Whoops, just realized that student loans were also part of the mix. We pay $350 or so per month for student loans, so call it $500. If we brought home $14,500 per month, and that was the same ratio to our gross, the gross would be $319K.
Anonymous
I have no student loans AND no mortgage and make $200K a year. We bank all of my net salary.
Anonymous
Anonymous wrote:
Whoa! This has really gone off in an unanticipated direction.

Ladies and gentlemen, this is not a striving post. I'm not talking vacation homes and where you eat out on a regular basis.

Comfortable. It means not crying with each in-coming bill. It means being able to get groceries every two weeks, not calculating how many nights in a month you can make use of the 10 for $10 pasta you bought on sale.

Today, I had to choose between buying grapes or strawberries. I'm REALLY looking forward to leaving this bullshit behind.

Since most posters tend to whinge on about scraping by with salaries much higher than I'll ever earn, I was interested to know what burden even high earners were struggling to meet (like the oft cited enormous law school debt of 400K or mortgage payments more than double my own).

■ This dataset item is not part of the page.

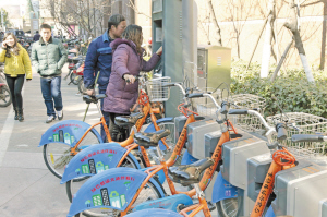 公共自行車推出后受到市民的普遍歡迎。記者王鵬攝

In my own way, I'm trying to comfort myself that things won't continue to be such a struggle once I'm making 80-90K. Most DCUMers would shoot themselves or go flying out of windows at the prospect of such a low salary. BUT, absent the big monthly obligations noted above, I wonder how much it would matter?

Stop projecting materialistic aspirations. And lay off the lectures. They are really off the mark.

07:55 and 13:45 were very helpful and straight forward. Thanks.


(7:55 here). I totally understood where you were coming from and didn't find your question weird at all! I was totally baffled by some of the other responses. Maybe because I'm not living in the $500k la la land some of the posters seem to be posting from.

OP--fwiw, our salary only recently hit $240k. 3 years ago we were making more like $150k, but with no daycare (pre-kid) and our mortgage was $3000 not $3500. (we refinanced down to a 15 year mortgage, we did not trade up our house.) We still felt like we lived very comfortably at that point, not extravagantly, but still able to afford vacations, fancy grocery splurges, had a fully funded emergency fund, and put money into savings every month. Taking into account the mortgage difference, that's $18000 a year, with taxes etc call it $25k difference. So, at effectively $125k, I felt like we had a very comfortable lifestyle. We never stressed about money or worried about covering a car repair or other unexpected expense.

It sounds like you're doing a good job of being fiscally responsible, and as long as you keep doing that, it's likely to continue to get better assuming you have the kind of career where you can reasonably expect to advance. Good luck!